I mentioned two local restaurants and have subsequently been back to both; it’s what professional reviewers do. The River Café was just as good on a second visit. Because they weren’t too busy we were allowed to arrive at 1.30 and have the set lunch menu; £28 for two courses.
To start, I had mozzarella of the highest quality with warm spinach and something else green that might have been a sort of Mediterranean cornichon. Then, a sliver of liver perfectly cooked accompanied by borlotti beans and polenta. The polenta had the consistency, colour and texture of scrambled eggs cooked just right. I cannot remember what Robert had but I remember he finished with some crunchy almond ice cream. I had a spoonful and liked it very much. We drank a carafe of white and of red from the slopes of Mt Etna.

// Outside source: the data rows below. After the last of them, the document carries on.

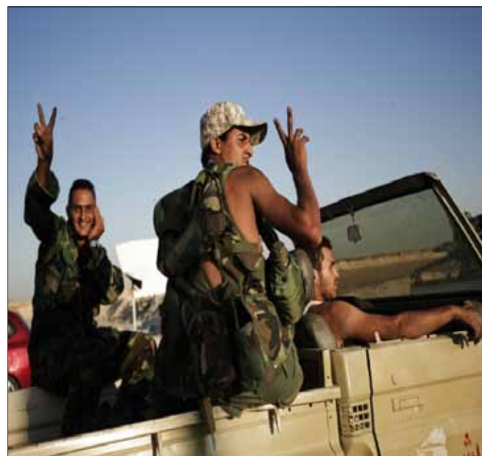
عناصر من المعارضة الليبية قرب اجدابيا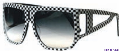
JIM WILDE Verð 24.500 kr.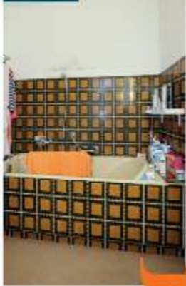
vorher: Badewanne mit hohem Einstieg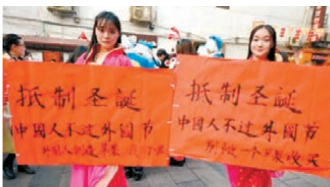
去年聖誕節，中國西北大學現代學院封校，禁止學生慶祝平安夜。圖為湖南一所大學抵制聖誕。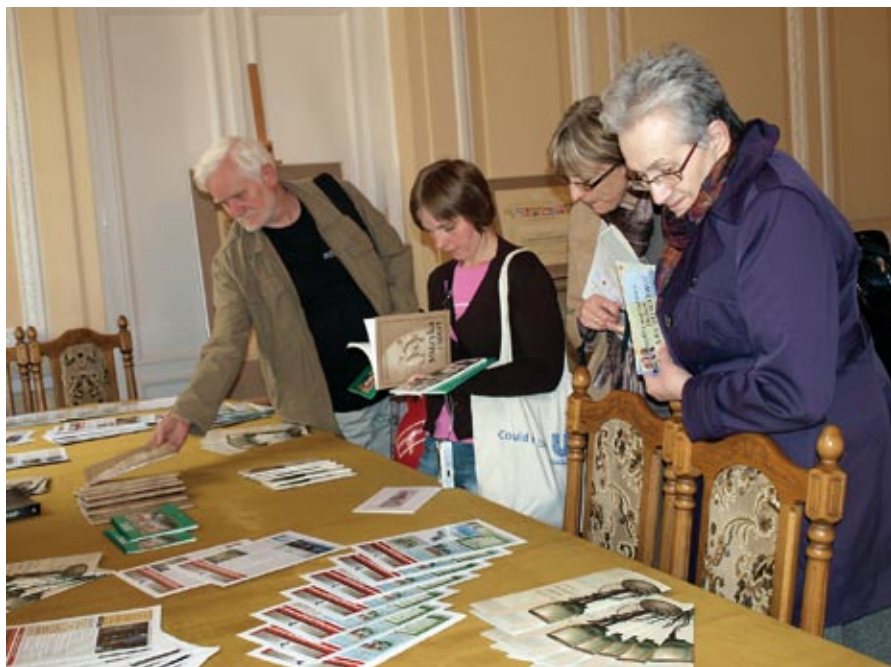
Wydawnictwa naszego Muzeum cieszyły się powodzeniem wśród gości Pikniku Archiwalnego.

Szczególnym zainteresowaniem cieszyły się stroje reprezentacji Polski z lat 50. XX wieku oraz z Mundialu 2006 r., buty piłkarskie z lat 40. XX wieku i współ-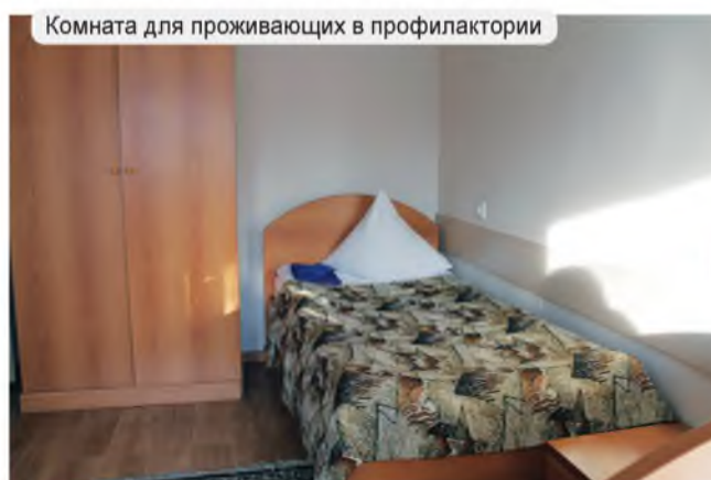
Комната для проживающих в профилактории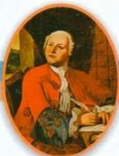
Михаил Васильевич Ломоносов Великий русский ученый

Ты, конечно же, вспомнишь, что Александр Сергеевич Пушкин написал много прекрасных стихов и чудесные сказки: «Сказка о царе Салтане», «Сказка о рыбаке и рыбке», «Сказка о мертвой царевне и о семи богатырях», «Сказка о золотом петушке». Петр Ильич Чайковский писал необыкновенно красивую музыку, создал цикл пьес «Времена года» и хорошо знакомый тебе «Детский альбом». Михаил Васильевич Ломоносов — великий русский ученый, он многого добился в самых разных областях знаний: литературе и искусстве, физике и астрономии, географии и истории. Им сделано много важных научных открытий. Юрий Алексеевич Гагарин был первым космонавтом, первым человеком, облетевшим на космическом корабле «Восток-1» нашу планету.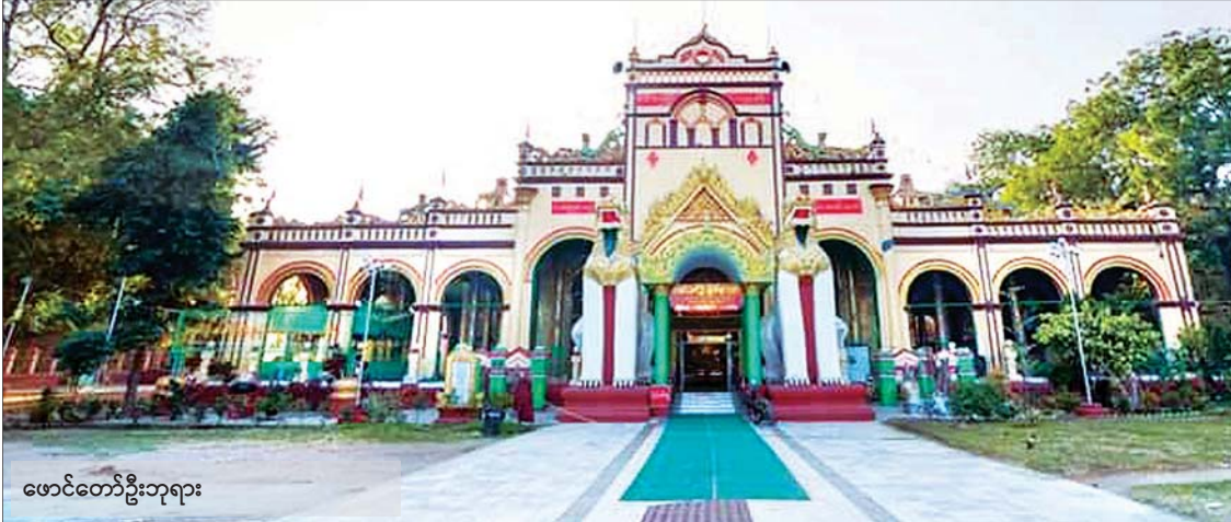
ဖောင်တော်ဦးဘုရား

ဒီနေရာတွေကတော့ လွယ်လွယ်ကူကူ ပခုက္ကူမြို့အနီးအပါးလည်ပတ်နိုင်မယ့်နေရာ တွေပါ။ နည်းနည်းခပ်လှမ်းလှမ်းကို သွားမယ် ဆိုရင် ဒီနေရာတွေကို လည်ပတ်သွားလာ နိုင်ပါသေးတယ်။ (ဆက်လက်ဖော်ပြပါမည်)

The menu at Pidé on Fulham Palace Road had already changed. Like The River Café, it has a wood-fired oven and now it is concentrating on using this. The pidé that I’d had before is still very much on the menu but now they also offer lahmajoun, sometimes called Armenian pizza. It’s a small thin pizza smeared with flavouring. Think of a thin slice of toast smeared with Gentlemans’ Relish. Accompanying it are fresh vegetables and herbs.
This time we sat towards the back of the dining area beside the open plan kitchen. This was excellent as the chef could instruct us on both pronunciation and tactics. Lahmajoun is eaten like Peking duck. The veg and herbs are placed on it and you eat it rolled up. Perfect street food in fact. The chef also was the proprietor – I cannot say it in Turkish – but le patron cuisine ici. It is quite different to the other local Turkish restaurant, Best Mangal, where they cook over charcoal and it is nothing like Pizza Express, also with a branch on Fulham Palace Road, so a welcome addition to the local restaurant landscape.
By the way, I had to shamefacedly admit that I had been in Istanbul last month – only in the airport – and all I’d had was a rum and Coke (the bar had no tonic).